Jorge Lopez, chair of the Immigration and Global Mobility Practice Group at Littler Mendelson, told Roll Call that U.S. companies with international footprints are now more seriously considering shifting operations to countries with friendlier immigration policies. "Those discussions are happening more and more," Lopez said, adding that Canada tops the list of alternative destinations, followed by Mexico and Costa Rica, which offers a "nomad visa" for remote hiring. "It’s the benefit of that country, because then they get the benefit of tax payments and use of resources that all goes to the home country," he explained.
Legal challenges have already emerged. One lawsuit argues that Trump’s proclamation "ignores other benefits of bringing H-1B workers to the United States, where they consume goods and services and pay taxes in the United States.
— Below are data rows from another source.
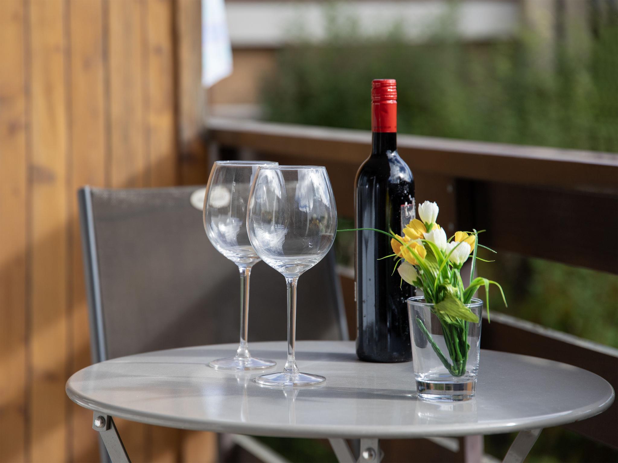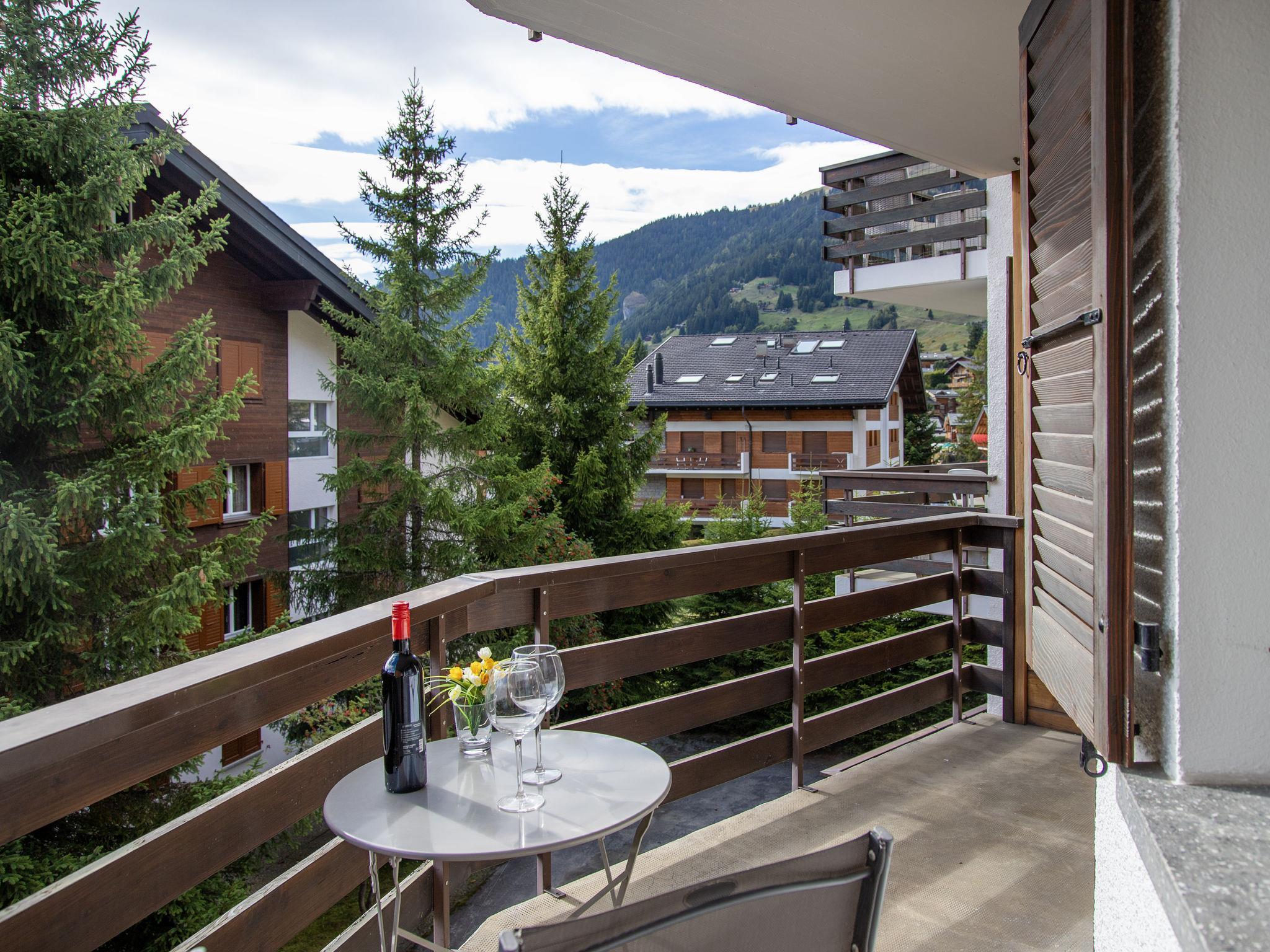"Galaxie 110", 2-room apartment 35 m2 on 1st floor. Bright, practical and beautiful furnishings: living/dining room with 1 double sofabed (1 x 160 cm, length 200 cm), cable TV. Exit to the balcony. 1 room with 1 double bed (2 x 90 cm, length 200 cm). Exit to the balcony. Kitchenette (dishwasher, 4 ceramic glass hob hotplates, toaster, kettle, raclette grill, fondue Set (cheese)). Shower/WC. Small balcony. Balcony furniture. Beautiful view of the mountains. Facilities: hair dryer. Internet (WiFi, free). Please note: non-smoking house.
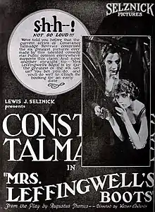 Mrs. Leffingwell's Boots is a 1918 American silent comedy film directed by Walter Edwards and starring Constance Talmadge, Harrison Ford and George Fisher.[1]
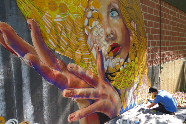 Western New York artist Chuck Tingley is creating a permanent mural at Artpark on the art gallery's north exterior wall. He is using spray paint, acrylic, markers and stencils to create the images pictured.
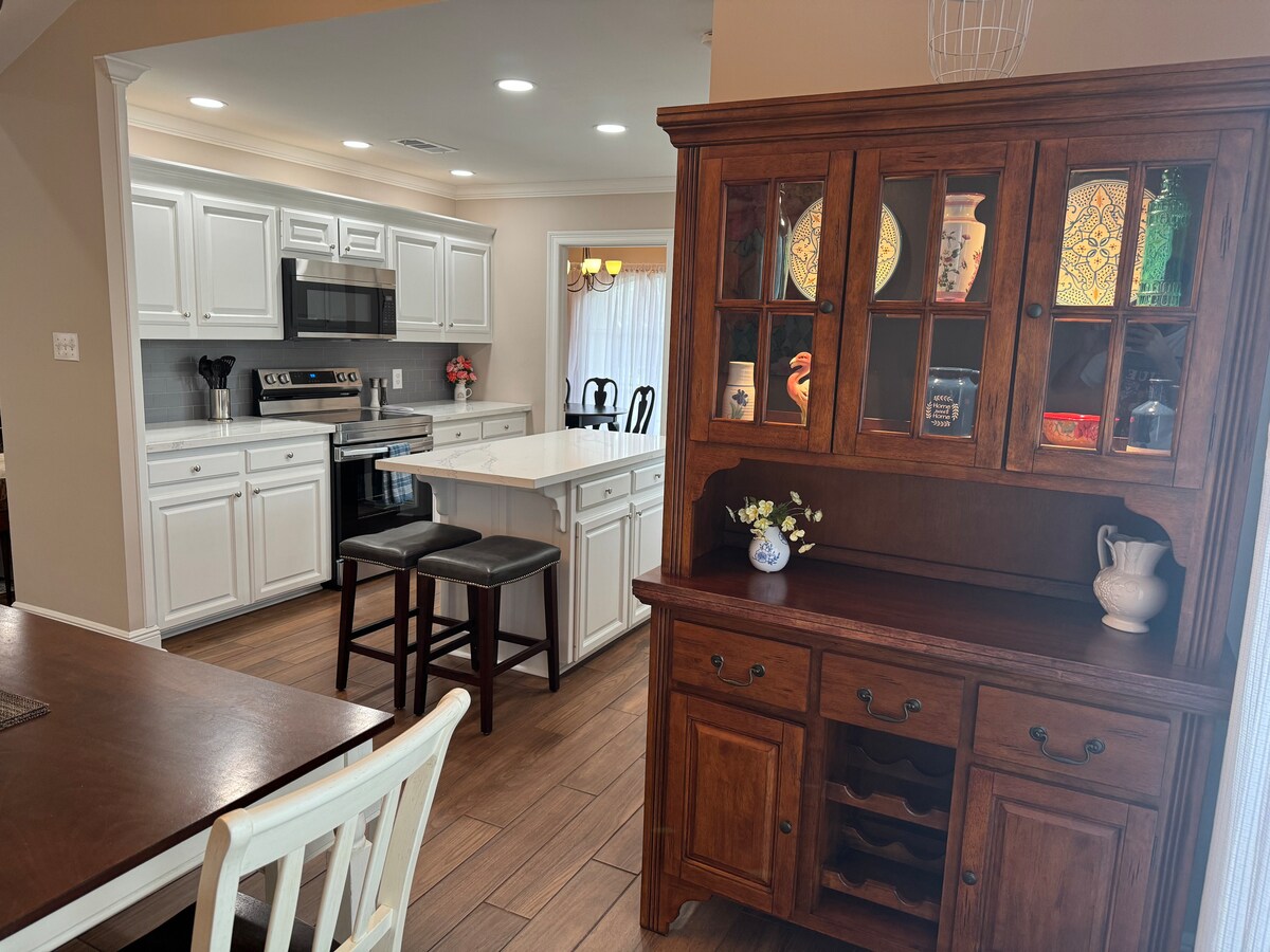 Diseñada para la comodidad y el confort, esta casa adosada de Prairieville ofrece 1 cama tamaño king, 2 camas tamaño queen, un sofá, colchón de aire, televisores con streaming y wifi rápido. Cocina totalmente equipada con múltiples opciones de café, juegos y juguetes para niños, y un pequeño patio trasero vallado para pasar tiempo en familia. A menos de 20 minutos de LSU y del centro de Baton Rouge. Perfecto para estancias cortas y largas, con la limpieza como máxima prioridad.
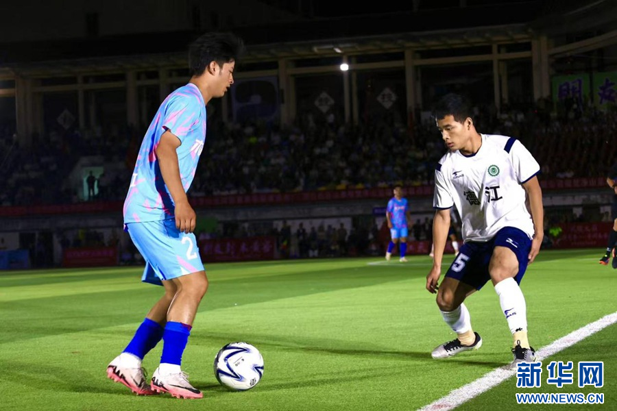9月21日,贵州省铜仁市印江土家族苗族自治县体育场,印江代表队球员(左)在比赛中带球。新华网发(申逸恺 摄)
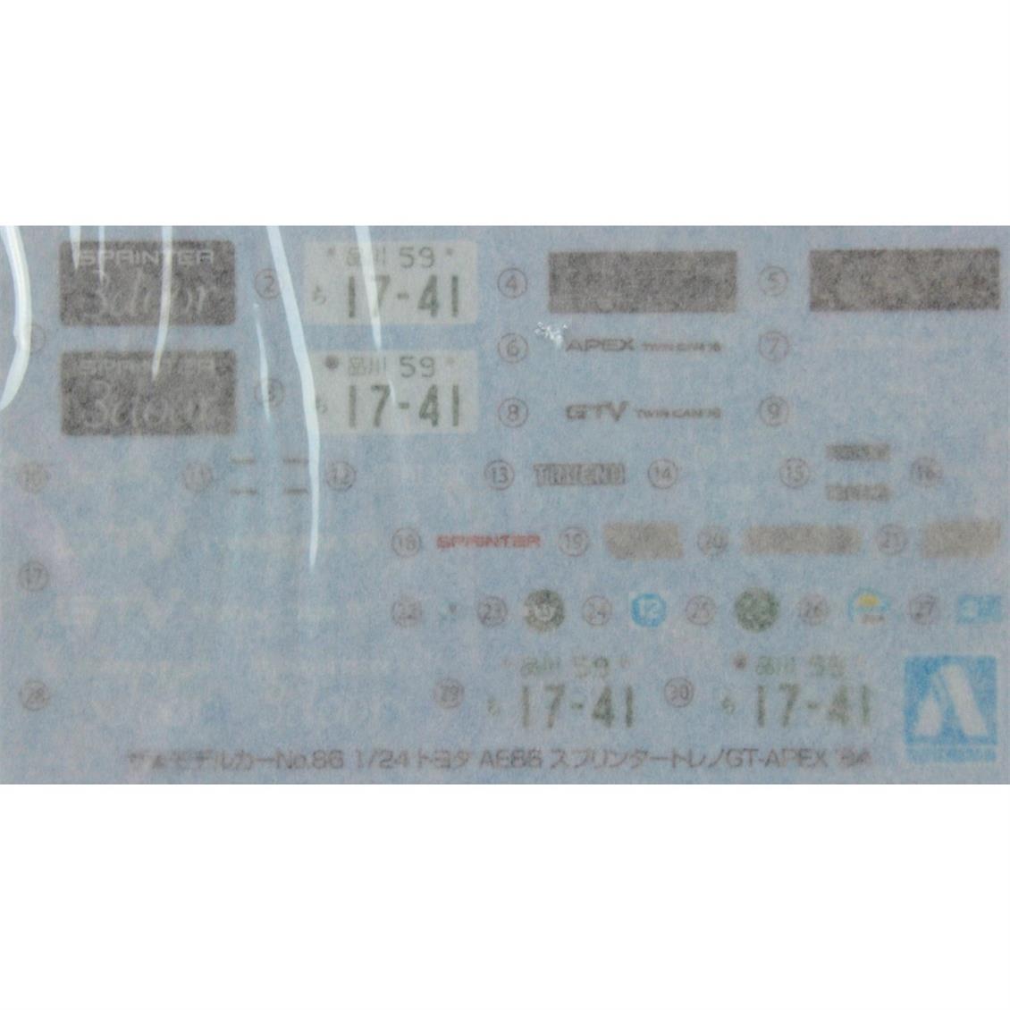 1/24 ölçek TOYOTA AE86 SPRINTER TRUENO GT-APEX ’84 plastik maketi yapmak için ilk önce çerçeveden çıkart ve yapıştırıcı yardımıyla birleştir. Daha sonra yapım kılavuzu içerisinde yer alan renklere airbrush veya fırça yardımıyla boya.;

Cutting off employers’ ability to employ H-1B workers will likely push some employers to outsource their work to other countries." David Bier, director of immigration studies at the Cato Institute, added that the U.S. already faced stiff competition from countries like Germany, the UK, Canada, Australia, and New Zealand, which all offer easier immigration pathways for skilled workers. "If other countries tout their immigration systems, they would become an option for workers and companies that’s going to be taken more frequently as a result of this action by the Trump administration further restricting the U.S. system," Bier said.
On Capitol Hill, the fee hike has sparked a fierce partisan divide. Rep. Suhas Subramanyam, D-Va., whose parents immigrated from India, condemned the policy as "a direct attack on our economy." He warned on September 20, "Companies are warning visa holders not to leave the U.S. Those outside the country have 24 hours to return or risk being denied. This isn’t immigration policy. This is economic sabotage." On the other hand, supporters of the administration’s approach, including Senators Charles Grassley, R-Iowa, and Richard Durbin, D-Ill., have reintroduced legislation focused on protecting American workers from being replaced by foreign labor.
Ronil Hira, an associate professor of political science at Howard University, sided with the administration’s critics of the old system. "The problem with the H-1B program is that there aren’t sufficient worker protections," Hira said. "Employers love the program because they make extra profit by exploiting it." He pointed to incidents like Disney’s 2015 replacement of 250 IT workers with lower-paid foreign talent, arguing that the prevailing wage requirements are too low and easily manipulated. "It sounds like a market wage, but it’s not an actual market wage," Hira explained. "It’s set so low so that an employer can pay 20 to 40 percent less than what the market wage is." Hira also noted that enforcement of wage protections is virtually nonexistent: "I’ve talked to people at Wage and Hour Division, there’s never been a case where they’ve actually investigated this and tried to enforce it."
As the dust settles, one thing is clear: Trump’s $100,000 H-1B fee has upended the calculus for companies, workers, and policymakers alike. Whether it will succeed in protecting American jobs or simply push talent and opportunity elsewhere remains a deeply contentious—and consequential—question for the nation’s future.